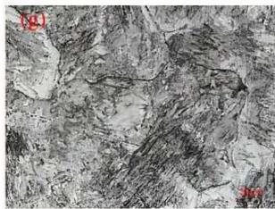 Furthermore, for TH samples, there are at least two tempering processes according to the recommended heating treatment schedule. This results in a reduction of the retained austenite below $5\%$ [33], which means that the TH sample has significantly less retained austenite compared to the IH sample. Austenite is a soft phase in the matrix, which enhances the material's toughness and slows down fatigue damage. As shown in Figure 7(a) and Figure 7(c), for cast bulk materials, the eutectic carbides located at the initial coarse grain boundaries will not dissolve during the austenization process. The grain size of the parent austenite of C-TH-b and C-IH-b is almost the same under low magnification. However, under high magnification, the martensitic morphology and the amount of retained austenite are clearly different, as seen in Figure 7(e) and Figure 7(g). More lath martensite is generated in C-IH, compared to the needle martensite (or plate martensite) in C-TH. It is well-known that the toughness of lath martensite is better than plate martensite. Therefore, for cast materials, IH results in much better fatigue resistance compared to TH. In addition, for wrought bulk materials, Figure 7(b) and Figure 7(d) show that both heat treatment processes can produce a similar microstructure, i.e., small and uniform tempered martensite with retained austenite. Due to the small starting grain size and homogenized chemical composition in unrepaired wrought dies, IH provides sufficient thermal activation for martensite transformation without coarsening the grain size, unlike TH. Figure 7(h) shows the formation of a cryptocrystalline martensite with a super-fine grain size resulting from the subsequent high cooling rate. As a result, W-IH-b achieved the highest scores in both static and cyclic properties, making it the top-ranked process route among the eight studied in Table 1.
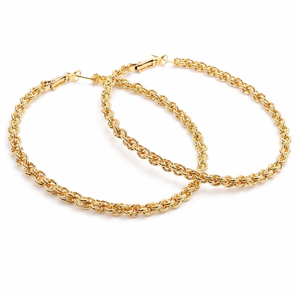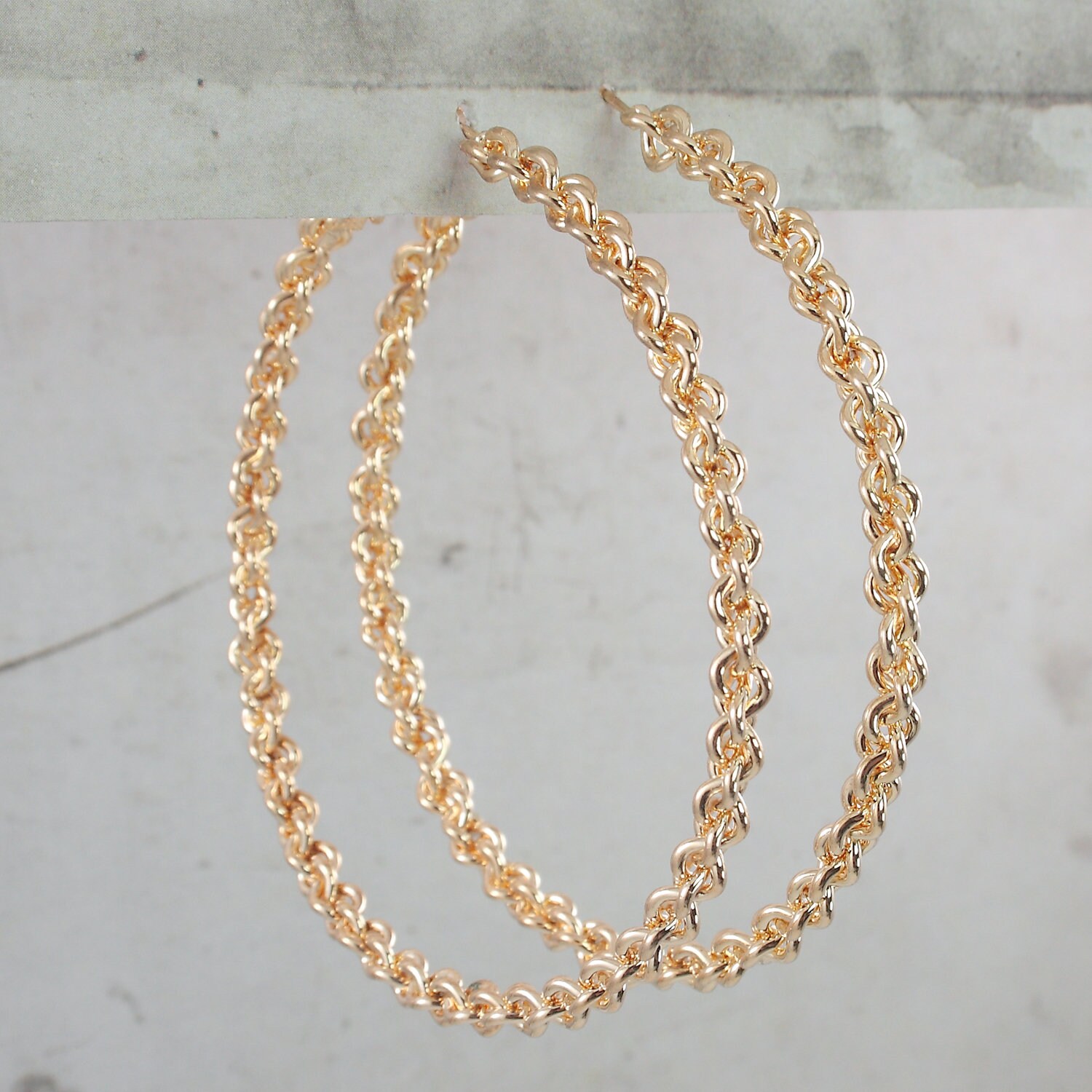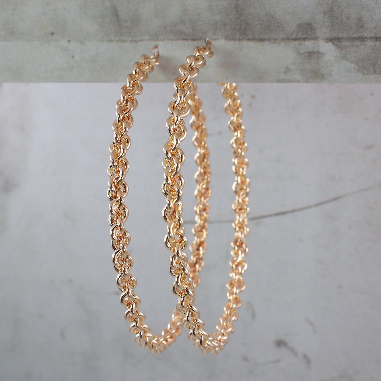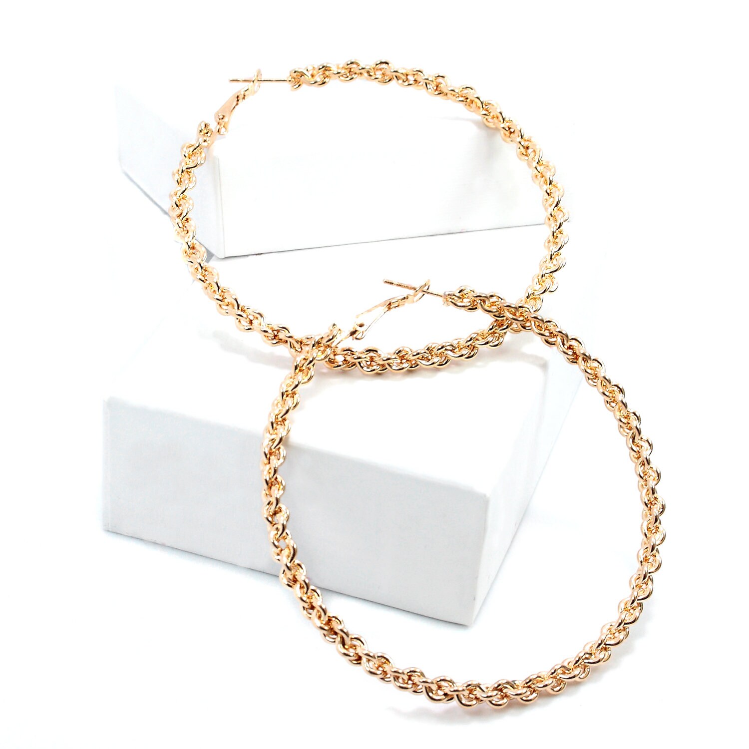 Boucles d'oreilles créoles XXL "maillons" en laiton doré.
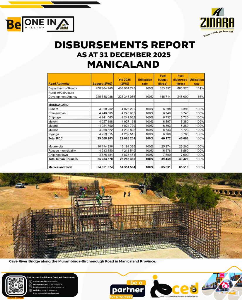 By Shingirai Vambe The Zimbabwe National Roads Administration (ZINARA) has released its disbursement report as at 31 December 2025, showing...
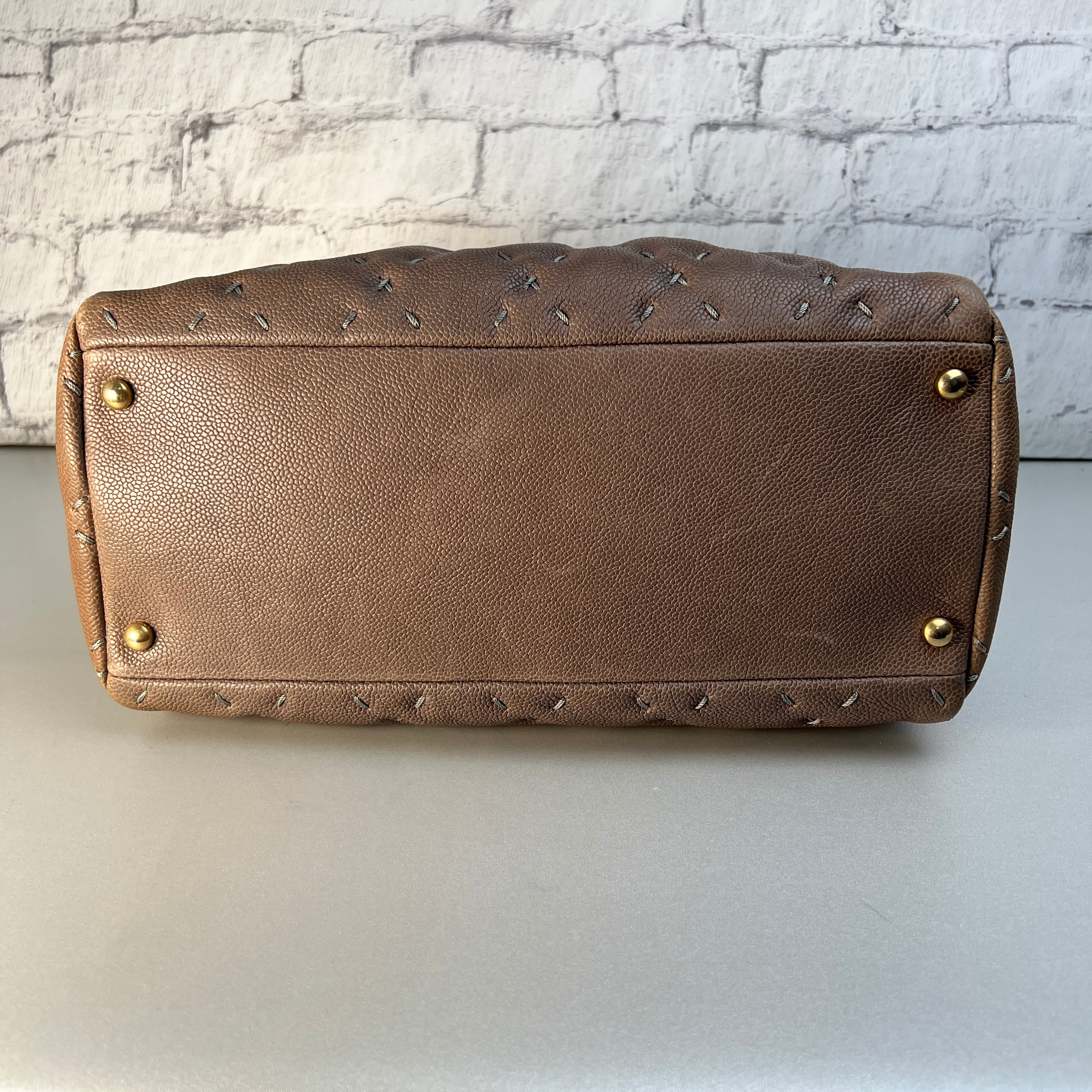 美品 CHANEL シャネル ワイルドステッチ ココマーク レザー ハンドバッグ ブラウン A-11747
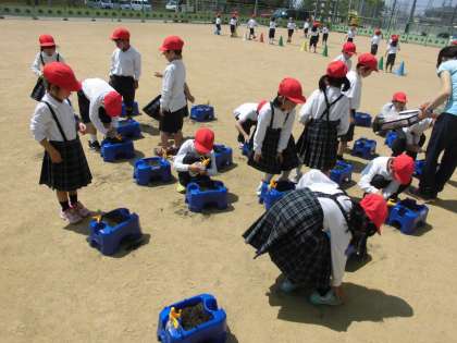 今日は1年生が生活科の学習で,植木鉢に「アサガオ」の種をまきました。これから芽が出て,花が咲いていく様子を観察していきます。
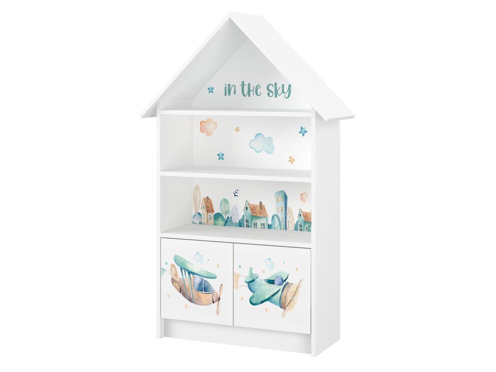 Neváhajte a objednajte pre svoje dieťa detský domčekový regál Lietadlá. Je vhodný do dievčenskej, aj do chlapčenskej izby a svojím krásnym vzorom s lietadielkami a mestečkom vyčarí vašim deťom na tvári úsmev. Jeho otvorené police a dolné skrinky pomôžu udržiavať izbu upratanú.
○ ○ ○ ○ ○ ○ ○
▸ **WORK REQUEST**
Write down exactly what the lines above say, from the line holding "By Shingirai Vambe" through the line holding "今日は1年生が生活科の学習で", and nothing more. Do not copy the pictures.

▸ **ANSWER**
 By Shingirai Vambe The Zimbabwe National Roads Administration (ZINARA) has released its disbursement report as at 31 December 2025, showing...
 美品 CHANEL シャネル ワイルドステッチ ココマーク レザー ハンドバッグ ブラウン A-11747
 今日は1年生が生活科の学習で,植木鉢に「アサガオ」の種をまきました。これから芽が出て,花が咲いていく様子を観察していきます。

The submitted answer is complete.